↓

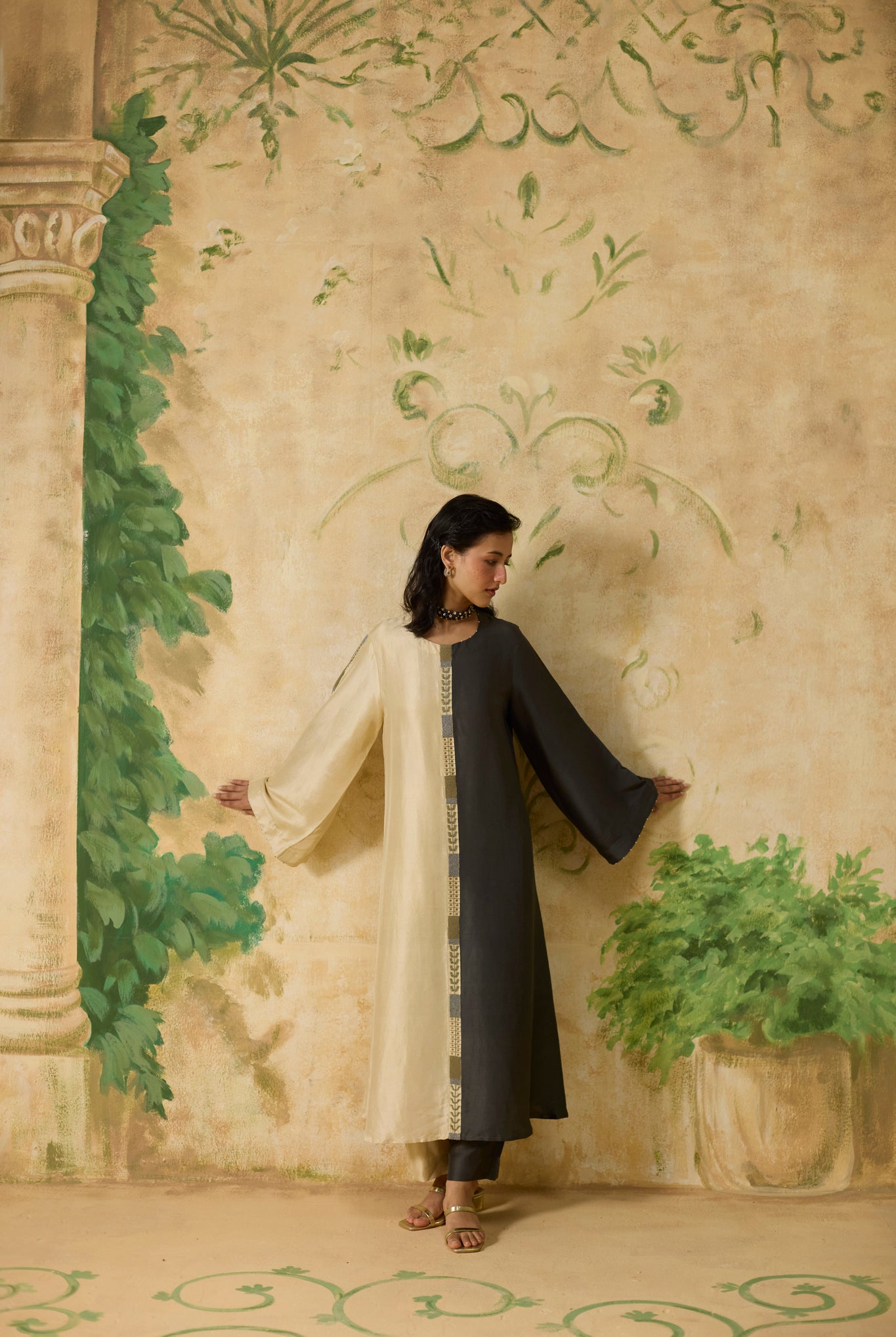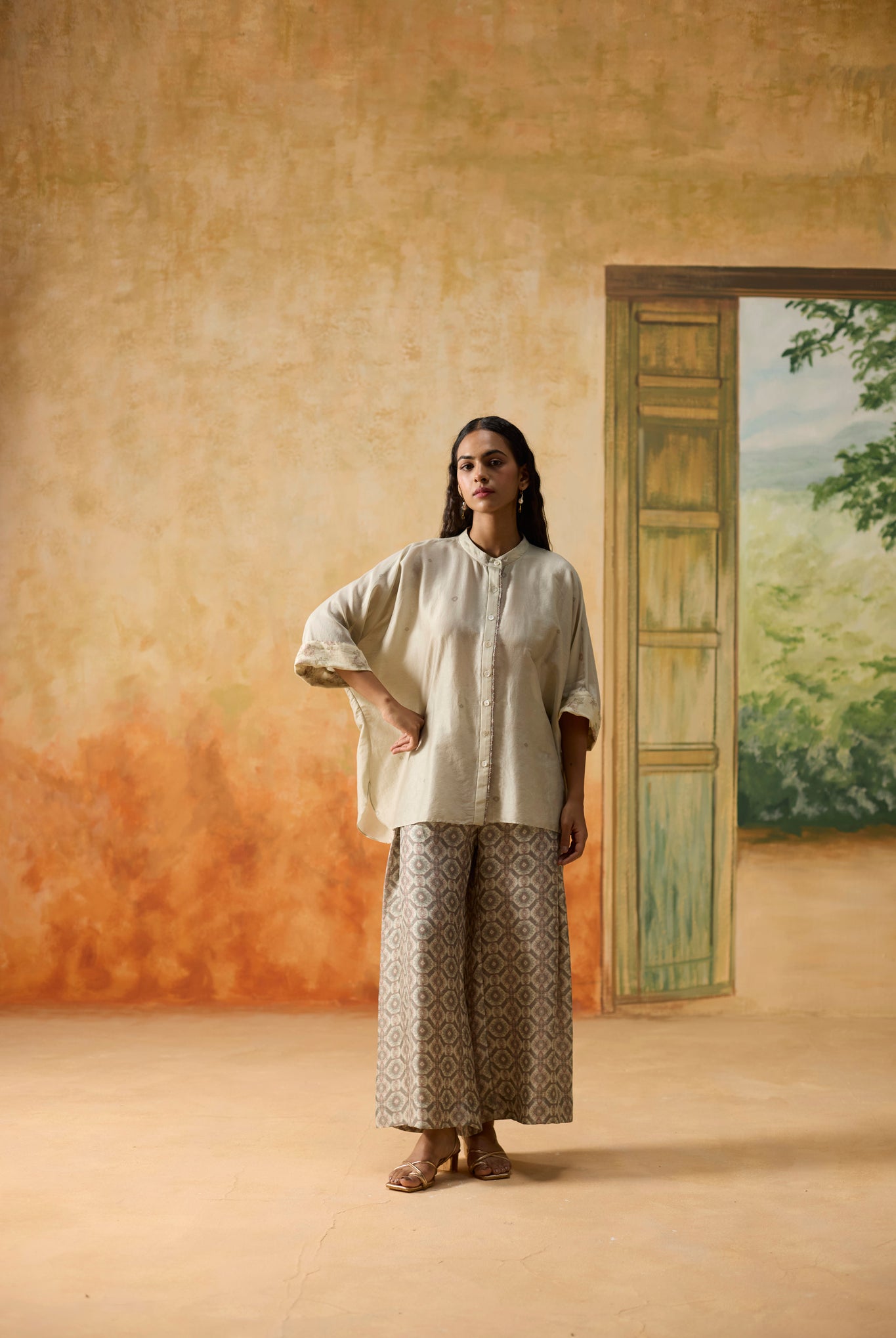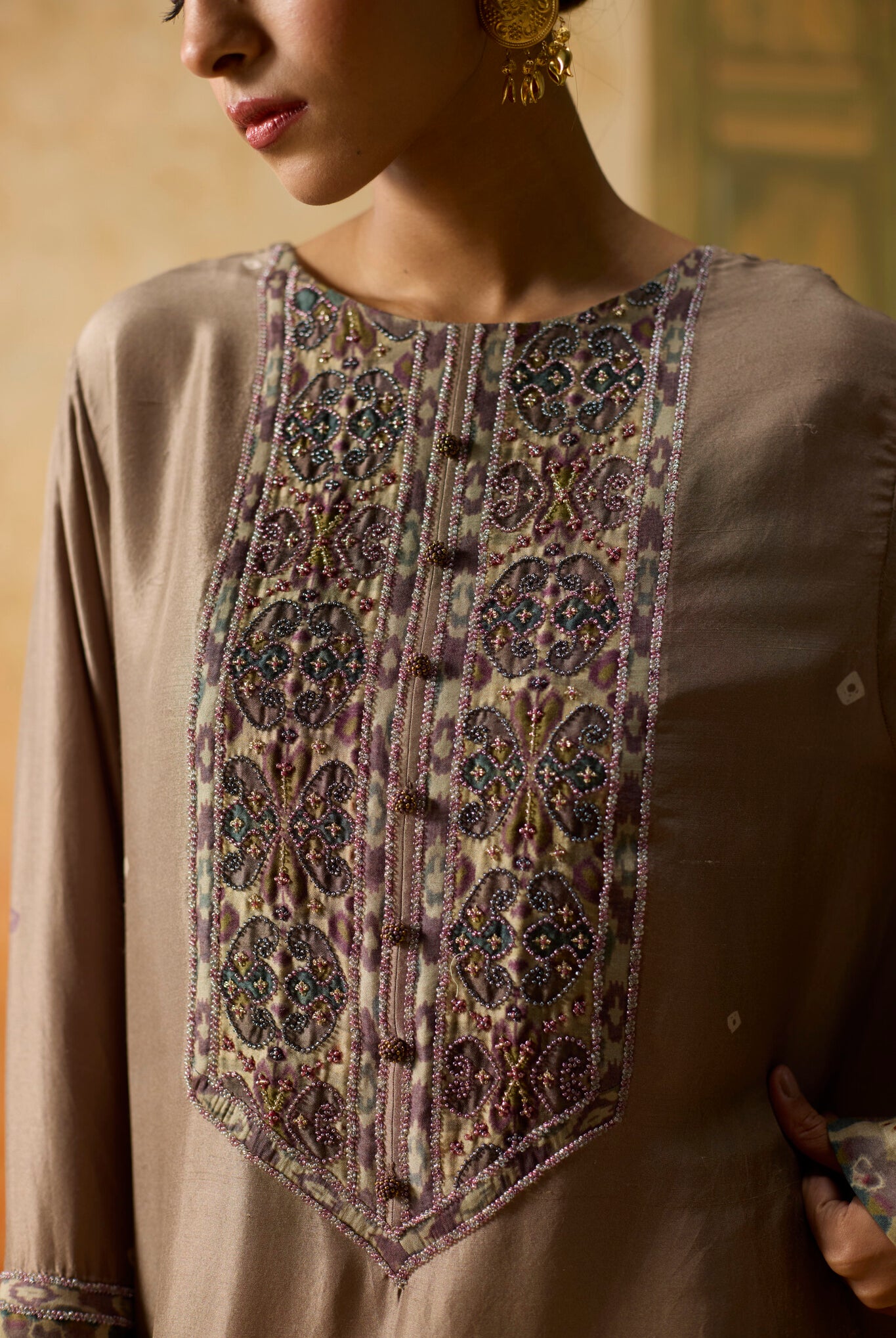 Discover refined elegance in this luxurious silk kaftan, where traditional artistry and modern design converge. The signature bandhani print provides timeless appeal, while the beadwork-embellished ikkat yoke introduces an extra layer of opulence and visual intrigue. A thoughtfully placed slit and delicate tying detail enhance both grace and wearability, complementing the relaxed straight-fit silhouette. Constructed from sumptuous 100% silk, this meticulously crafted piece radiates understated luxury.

↑
↓

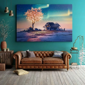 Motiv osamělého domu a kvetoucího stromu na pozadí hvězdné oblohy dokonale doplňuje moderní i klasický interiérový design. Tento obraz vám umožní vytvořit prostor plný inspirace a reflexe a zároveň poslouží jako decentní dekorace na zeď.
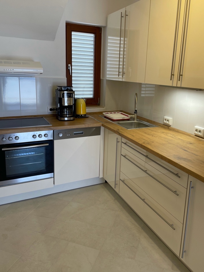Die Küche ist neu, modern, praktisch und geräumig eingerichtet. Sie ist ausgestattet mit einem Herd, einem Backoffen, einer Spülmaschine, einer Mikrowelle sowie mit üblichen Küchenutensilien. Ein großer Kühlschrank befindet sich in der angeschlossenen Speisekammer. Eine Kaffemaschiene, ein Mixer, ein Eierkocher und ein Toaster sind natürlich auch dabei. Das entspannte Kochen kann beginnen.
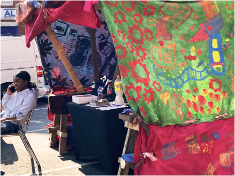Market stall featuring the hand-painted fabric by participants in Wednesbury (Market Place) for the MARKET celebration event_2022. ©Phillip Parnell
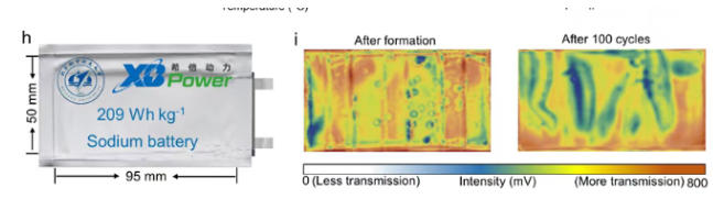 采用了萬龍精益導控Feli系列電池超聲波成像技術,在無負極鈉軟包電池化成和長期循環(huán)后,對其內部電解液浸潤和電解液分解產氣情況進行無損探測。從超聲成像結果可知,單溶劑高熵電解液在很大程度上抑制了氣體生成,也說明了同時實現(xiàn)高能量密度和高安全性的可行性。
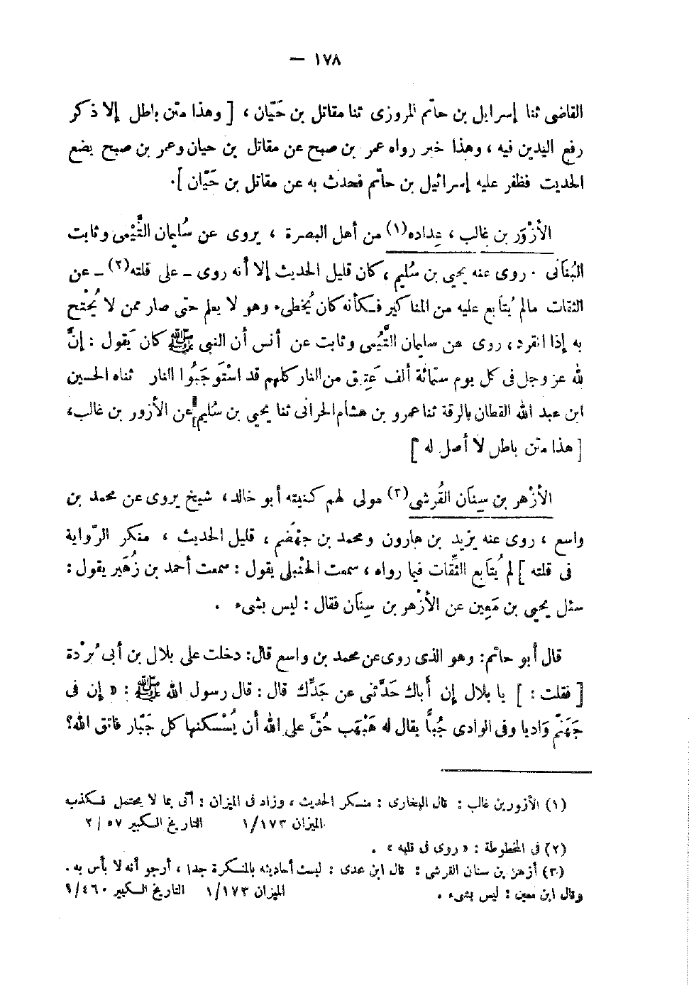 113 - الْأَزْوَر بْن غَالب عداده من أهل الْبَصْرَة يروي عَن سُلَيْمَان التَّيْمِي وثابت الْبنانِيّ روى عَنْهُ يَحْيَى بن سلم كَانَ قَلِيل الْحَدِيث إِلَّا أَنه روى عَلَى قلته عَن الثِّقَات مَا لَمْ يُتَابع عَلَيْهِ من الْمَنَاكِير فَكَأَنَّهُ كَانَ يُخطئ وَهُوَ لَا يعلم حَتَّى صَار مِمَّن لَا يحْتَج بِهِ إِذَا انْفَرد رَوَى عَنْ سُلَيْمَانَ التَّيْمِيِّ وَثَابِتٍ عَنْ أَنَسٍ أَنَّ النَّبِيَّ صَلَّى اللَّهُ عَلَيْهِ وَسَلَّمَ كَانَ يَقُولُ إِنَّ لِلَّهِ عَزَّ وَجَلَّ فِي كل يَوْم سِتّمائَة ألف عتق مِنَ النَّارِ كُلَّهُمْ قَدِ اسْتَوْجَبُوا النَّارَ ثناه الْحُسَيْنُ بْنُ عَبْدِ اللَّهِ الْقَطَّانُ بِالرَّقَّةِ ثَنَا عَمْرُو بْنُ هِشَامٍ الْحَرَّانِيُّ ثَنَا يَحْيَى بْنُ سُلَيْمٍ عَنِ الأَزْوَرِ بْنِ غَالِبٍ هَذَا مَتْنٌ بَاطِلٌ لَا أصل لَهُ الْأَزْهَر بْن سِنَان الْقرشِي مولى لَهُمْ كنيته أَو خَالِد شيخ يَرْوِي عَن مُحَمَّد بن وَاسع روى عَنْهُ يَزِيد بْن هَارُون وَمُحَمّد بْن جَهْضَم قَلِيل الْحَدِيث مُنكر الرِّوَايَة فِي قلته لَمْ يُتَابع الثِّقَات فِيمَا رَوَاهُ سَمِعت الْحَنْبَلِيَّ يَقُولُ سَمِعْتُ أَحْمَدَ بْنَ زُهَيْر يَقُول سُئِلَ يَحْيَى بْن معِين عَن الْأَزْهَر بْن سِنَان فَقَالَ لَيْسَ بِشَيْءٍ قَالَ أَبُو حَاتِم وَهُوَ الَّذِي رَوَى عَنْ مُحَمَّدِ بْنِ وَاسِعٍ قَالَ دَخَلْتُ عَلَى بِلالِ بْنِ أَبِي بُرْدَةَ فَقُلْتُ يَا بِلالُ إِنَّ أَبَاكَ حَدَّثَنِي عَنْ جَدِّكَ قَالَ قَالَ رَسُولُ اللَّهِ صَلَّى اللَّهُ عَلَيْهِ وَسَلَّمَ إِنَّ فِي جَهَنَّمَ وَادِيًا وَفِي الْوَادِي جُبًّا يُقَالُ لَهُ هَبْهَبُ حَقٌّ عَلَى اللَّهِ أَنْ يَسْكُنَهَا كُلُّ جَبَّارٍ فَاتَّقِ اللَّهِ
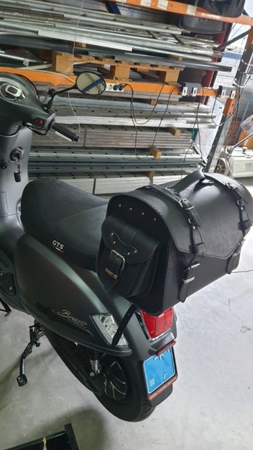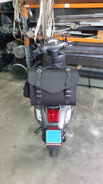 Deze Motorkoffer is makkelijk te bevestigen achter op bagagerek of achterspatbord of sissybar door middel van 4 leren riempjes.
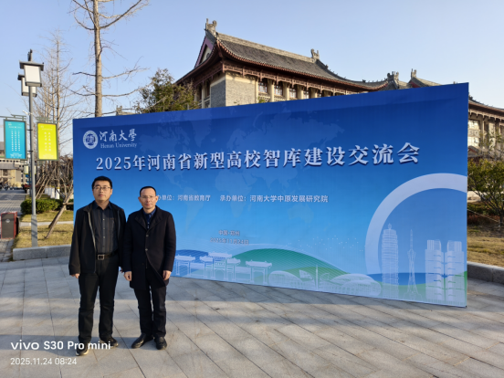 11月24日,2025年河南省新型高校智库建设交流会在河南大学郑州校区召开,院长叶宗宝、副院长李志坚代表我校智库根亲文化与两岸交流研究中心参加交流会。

↑
↓

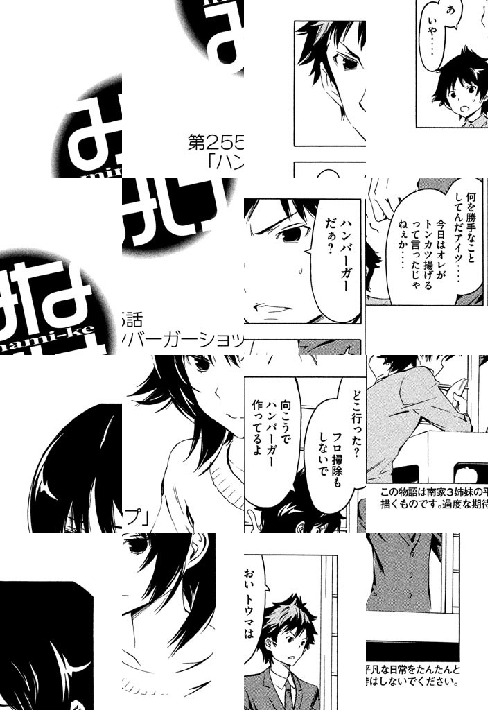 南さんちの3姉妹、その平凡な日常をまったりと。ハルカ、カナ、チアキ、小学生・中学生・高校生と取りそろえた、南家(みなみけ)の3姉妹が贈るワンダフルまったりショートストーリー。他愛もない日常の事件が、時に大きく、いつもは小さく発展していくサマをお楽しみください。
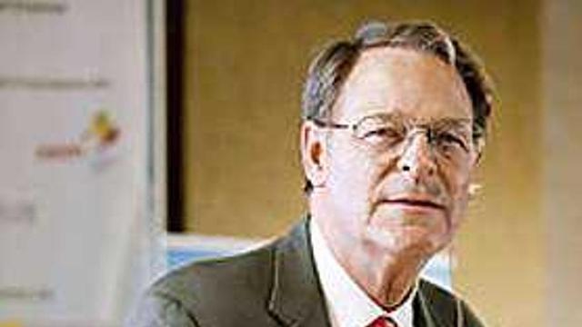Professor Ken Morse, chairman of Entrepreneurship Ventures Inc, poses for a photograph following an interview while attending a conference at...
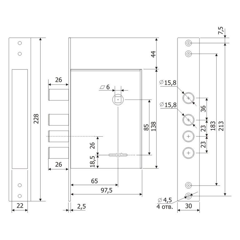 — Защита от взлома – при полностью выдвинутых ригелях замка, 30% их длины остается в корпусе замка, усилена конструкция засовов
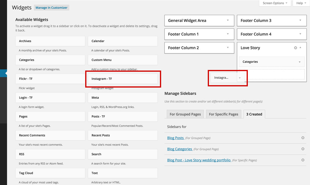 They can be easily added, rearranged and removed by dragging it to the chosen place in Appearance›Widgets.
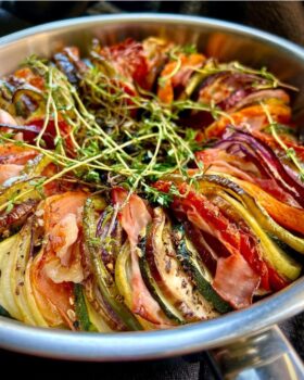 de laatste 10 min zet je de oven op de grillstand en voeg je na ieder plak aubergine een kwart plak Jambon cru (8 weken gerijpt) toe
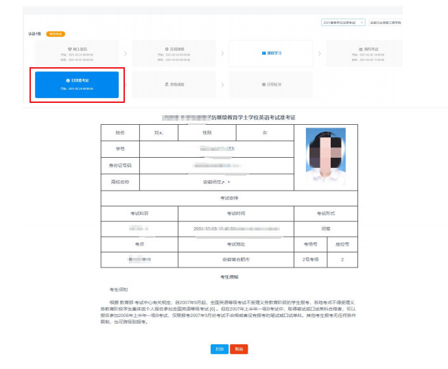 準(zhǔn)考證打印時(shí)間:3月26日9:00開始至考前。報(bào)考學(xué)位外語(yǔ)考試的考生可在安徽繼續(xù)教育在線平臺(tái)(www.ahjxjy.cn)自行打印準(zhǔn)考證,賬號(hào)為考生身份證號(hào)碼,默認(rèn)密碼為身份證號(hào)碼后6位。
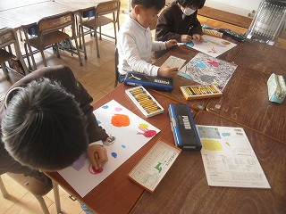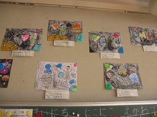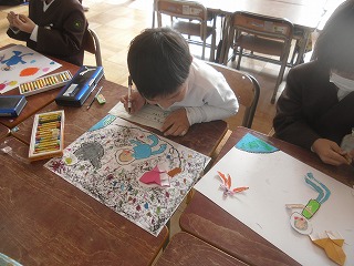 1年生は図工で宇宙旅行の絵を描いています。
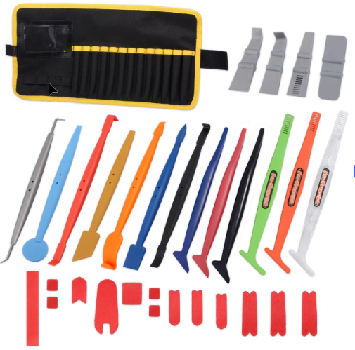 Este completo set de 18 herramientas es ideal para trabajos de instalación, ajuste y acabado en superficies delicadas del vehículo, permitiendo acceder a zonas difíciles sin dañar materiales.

↑

### [The problem]
For the data above, set down exactly the lines from the line with "準(zhǔn)考證打印時(s" to the line with "Este completo set", both included, leaving pictures out.

### [Task result]
 準(zhǔn)考證打印時(shí)間:3月26日9:00開始至考前。報(bào)考學(xué)位外語(yǔ)考試的考生可在安徽繼續(xù)教育在線平臺(tái)(www.ahjxjy.cn)自行打印準(zhǔn)考證,賬號(hào)為考生身份證號(hào)碼,默認(rèn)密碼為身份證號(hào)碼后6位。
 1年生は図工で宇宙旅行の絵を描いています。
 Este completo set de 18 herramientas es ideal para trabajos de instalación, ajuste y acabado en superficies delicadas del vehículo, permitiendo acceder a zonas difíciles sin dañar materiales.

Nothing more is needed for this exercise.